The Habsburg Monarchy 1815–1918. By Steven Beller. Cambridge: Cambridge University Press, 2018. 315 pp.
Important, summative assessments of the Habsburg Monarchy have been appearing with increased frequency in recent years. One factor is the series of rolling centenary anniversaries beginning with the outbreak of World War I followed by the death of Franz Joseph, the fall of the Monarchy and the foundation of the successor nation-states. Another is the maturation of a generation of historians who emerged in the decades from the 1970s to 1990s. Many were trained in America and are associated with the “revisionist” trend, which emphasizes the continued viability of the Monarchy and the contingent, constructivist, multivalent nature of nationalism. Pieter Judson (born 1956) and Steven Beller (born 1958) have both recently published general histories of the Habsburg Monarchy in its last century. The monumental series published by the Austrian Academy of Sciences entitled Die Habsburgermonarchie, which covers the period 1848 to 1918 and provided much impetus to the “revisionist” trend, is nearing its end. Other general histories, whether by single authors or multi-authored, are also planned for publication.

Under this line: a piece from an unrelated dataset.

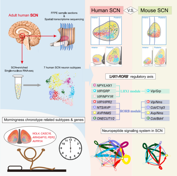 近日,中國科學院腦科學與智能技術卓越創新中心團隊等,在單細胞水平上重構了人類視交叉上核(SCN)——調控晝夜節律行為的核心腦區的細胞構筑與空間轉錄組圖譜,并解析了人類SCN的神經元亞型。該研究通過對圖譜的深度挖掘,揭示了人類SCN特有的神經肽信號通路和跨物種保守的基因調控程序,并發現了與人群中時型差異相關的潛在神經機制。

A previous generation of historians undertook a similar process of summation and synthesis in the 1960s. The prevailing viewpoint then portrayed a decaying, anachronistic Monarchy weakened by rising nationalism. Historians such as A. J. P. Taylor, Robert Kann, Hans Kohn, Hugo Hantsch and Erich Zöllner, who all published or revised general works in the post–World War II period, had built on the nationalist focused work of the inter-war period, especially the influential analysis of the Hungarian emigré Oscar Jaszi. Kann, Kohn, Hantsch, and Jaszi were born within old, pre-war Austria-Hungary and had thus personally witnessed the end of the Monarchy and the difficult, tragic aftermath. By the 1960s their views dominated the historiography. The influential series of volumes in the Austrian History Yearbook of 1967 were largely ordered around competing nationalities and the concepts of centripetal and centrifugal forces, inspired by Jaszi’s framework. The English historian Carlile Macartney (born 1895) capped a lifetime of work with his massive general history published in 1968. He begins the book with the failure of Austrian state centralism in Hungary in the late eighteenth century and proceeds in admirable breadth and detail to outline the gradual retreat of the state and Empire in response to the multiple challenges of the nineteenth century, including rising nationalism. Thus by the late 1960s, the general consensus was of an old-fashioned, dynastic Monarchy out of step with the modern world of nation-states. Broadcast in 1968, Edward Crankshaw’s BBC documentary series entitled “The Fall of the House of Habsburg, 1848–1918”—largely based on his book published five years earlier—encapsulated this interpretation for a wider audience.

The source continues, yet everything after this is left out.